Due to the distributed, international locations where the data is collected, a method was needed to allow off-line collection of data. In order to accomplish this, an MS Excel template was developed that could be loaded by a loader program (Fig 2, Fig 3). With little modification to the template, any manufacturing, refurbishing or measuring traveler can be loaded. Some on-line data acquisition systems that were developed after the template was developed, were written to create data files in the format of the Excel template, thus avoiding the need to type the data into Excel. For those data files created before the template was developed, custom programs were created to load them.

Figure 2 -- Example Excel Input Template - Calorimeter Crystals Identification Traveler Figure 3 -- Example Excel Input Template - Calorimeter Crystals Phototube Traveler

3.2 Reporting

The World-Wide-Web is used extensively to make reports available to the international collaboration (Fig 4). UNIX utilities such as GNUPLOT are used to provide charts and histograms of data for display directly on the WWW browser (Fig 5). In addition, on any of the reports, the data can be downloaded to a tab-delimited file on the user's local disk drive.
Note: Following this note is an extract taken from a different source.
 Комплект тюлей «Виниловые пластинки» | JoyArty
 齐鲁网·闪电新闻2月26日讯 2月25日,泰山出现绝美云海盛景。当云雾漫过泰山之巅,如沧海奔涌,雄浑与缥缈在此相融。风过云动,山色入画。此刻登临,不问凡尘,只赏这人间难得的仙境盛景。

This tab-delimited file is suitable for loading into a spreadsheet program such as MS Excel for local calculations, and charting (Fig 6).

Figure 4 -- Example Generic Traveler Output on WWW Calorimeter Crystals Identification Traveler

Figure 5 -- Example GNUPLOT Output on WWW Calorimeter Crystals Uniformity Plots

Figure 6 -- Example Output from WWW as Tab-Delimited Data in a Spreadsheet File

4 LIMITATIONS

4.1 Query Time on World Wide Web

The use of the World Wide Web for reports leads to a limitation on run time for queries. Most WWW browsers will time out after 5 minutes have elapsed from the time the HTTP request is submitted to the server. Reports must be completed prior to expiration of the time-out period. Efforts to improve the efficiency of the SQL to alleviate the problem will not scale to hundreds or thousands of records. Using the CGI scripting language to retrieve a portion of the data and provide hyperlinks to see the "next page" and "previous page" is one solution.

4.2 Improving Query Time by Rotation of Tables

The use of the normalized "vertical" table design complicates the SQL even for "simple" queries as most of the tables must be linked in order to select the appropriate data, while simplifying the design of the database. Two solutions that may be applied once the data is loaded and stabilized are:

• Separate data into "subset" tables of identical design. Each logical set of data is copied to its own table to reduce the time to search for the required data -- if a given subset table has only data for a given traveler, then the traveler tables need not be linked.
• Rotate the data into custom-designed tables. This simplifies the queries by reducing the number of tables involved and the number of rows that must be fetched.

5 ACKNOWLEDGMENTS

The authors gratefully acknowledged the continued support of the PEP-II management and the assistance of various Technical Division departments.

6 OUR ADDRESS

The URL for the PEP-II/BABAR Project Database is:
http://www.slac.stanford.edu/accel/pepii/db.htm

REFERENCES

[1] A. Chan, G. Crane, I. MacGregor, S. Meyer, 'The PEP-II/BABAR Project-Wide Database Using World Wide Web and Oracle*CASE', Proceedings of 1995 International Accelerator Database Group Workshop, Argonne National Lab, November 6-8, 1995.